François Pétry, directeur du programme de sciences politiques à l’Université Laval, à Québec, mesure depuis 20 ans le taux de réalisation des promesses électorales au Québec et au Canada. Verdict: les politiciens réalisent la majorité de leurs engagements. Alors que, selon un sondage de Léger marketing effectué en 2013 pour le compte du Journal de Montréal, seulement 12% des Québécois font confiance aux politiciens, Métro a tenté de faire le point sur cette contradiction.
À un an de la fin de son troisième mandat, le gouvernement conservateur de Stephen Harper a réalisé un peu plus de 68% des promesses qu’il a faites lors de la dernière campagne électorale, selon le polimètre, un outil mis au point par M. Pétry et son équipe de chercheurs de l’Université Laval. Le même outil permet de voir que, moins de six mois après son élection, le premier ministre du Québec, Philippe Couillard, est déjà en voie de réaliser 35% de ses promesses électorales.
«C’est en contradiction avec l’opinion publique, qui est que les politiciens sont des menteurs invétérés, lance M. Pétry. Si on se base sur l’évidence que nous trouvons, c’est difficile de dire que les politiciens sont des menteurs.»
Pour expliquer ce décalage, M. Pétry avance que, depuis 20 ans, les partis politiques misent de plus en plus sur de petites promesses facilement réalisables, plutôt que sur des grands engagements.
«Dans toutes les plateformes électorales, vous allez voir un paquet de promesses qui sont immédiatement réalisables, où le parti s’engage à les réaliser dans les premiers 100 jours au pouvoir. Ce sont des promesses qui ne demandent pas grand chose pour être réalisées», juge-t-il.
Voici quelques points de vue sur le sujet:
- La nature des promesses
Pour Harold Chorney, professeur de Sciences politiques à l’Université Concordia, l’important n’est pas tant le taux de promesses brisées, mais leur nature. Ce sont les promesses non-tenues dans les grands enjeux qui ont le plus affecté l’imaginaire collectif.
«Si vous prenez les enjeux les plus cruciaux de la société – le budget, l’économie, la santé, l’éducation – des choses auxquelles les gens tiennent beaucoup, on peut voir que les politiciens ont très souvent renié à leurs promesses. C’est peut-être un petit nombre de promesses brisées, mais c’est assez pour faire mal à la confiance de la population», affirme-t-il.

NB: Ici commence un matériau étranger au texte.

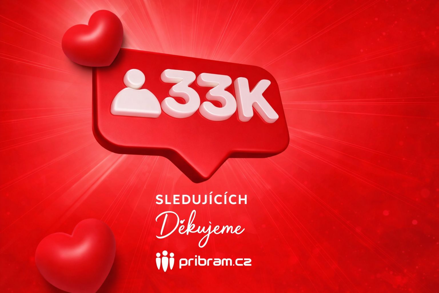 Dosáhli jsme na metu, kterou jsme v historii pribram.cz ještě nikdy nepřekročili: více než 33 000 sledujících na Facebooku. Je to pro nás obrovský moment — a hlavně závazek vůči vám, kteří chcete vědět, co se v Příbrami děje.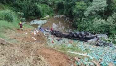 Motorista morre após caminhão carregado com cervejas capotar e afundar em rio no Paraná

«Regardez ce qui se passe avec Philippe Couillard, qui impose maintenant une politique d’austérité. Il n’a pas été élu sur les bases d’une plateforme d’austérité; il n’en a pas parlé, illustre-t-il. Il ne faut pas se surprendre que les gens soient mécontents.»
- Aux grands projets les grands moyens
Si les politiciens ne promettent plus de grandes réformes ou de gros projets, c’est qu’ils n’en ont plus les moyens, croit Michel Sarra-Bournet, chargé de cours en histoire, science politique et études québécoises à l’université du Québec à Montréal.
«L’ère des grandes réformes et des grands projet a laissé sa place à une ère de restrictions budgétaires. À tort ou à raison, les gouvernements et les partis renvoient l’idée qu’il faut baisser les impôts [et donc les revenus de l’état], et à partir de ce moment là, ils n’ont plus les moyens de faire grand chose», dit-il.
Nous sommes donc loin de l’ère des Pierre Elliot Trudeau ou René Lévesque, qui ont tous deux apporté des réformes mjeures. «Ces gens avaient une vision de destin collectif, qu’on soit pour ou contre, et ils prenaient les moyens pour l’exécuter, alors que ce n’est plus possible aujourd’hui», lance-t-il.
- Les défis de la mondialisation
Un politicien peut bien vouloir changer de fond en comble la société, toujours est-il que les nouvelles réalités de la mondialisation peuvent souvent lier les mains de la classe politique, peu importe les orientations politiques, croit M. Chorney.
«La mondialisation et les traités de libre-échange complexifient la vie des politiciens puisque, quand ils vont à des forums internationaux, ils subissent beaucoup de pressions et de lobbying de la part d’acteurs internationaux, lance-t-il. Nous faisons affaire avec la Chine et la Russie, entre autres; ce ne sont clairement pas des démocraties. Forcément, par la pression politique, certaines de leurs valeurs sont transmises ici.»
M. Chorney ne blâme pas tant la classe politique, qui a peut-être à priori de bonnes intentions. «Ce millieu attire bien des gens très intelligents et passionnés pour le changement, mais ils se rendent compte très vite qu’il est difficile d’accomplir des virages majeurs», se désole-t-il.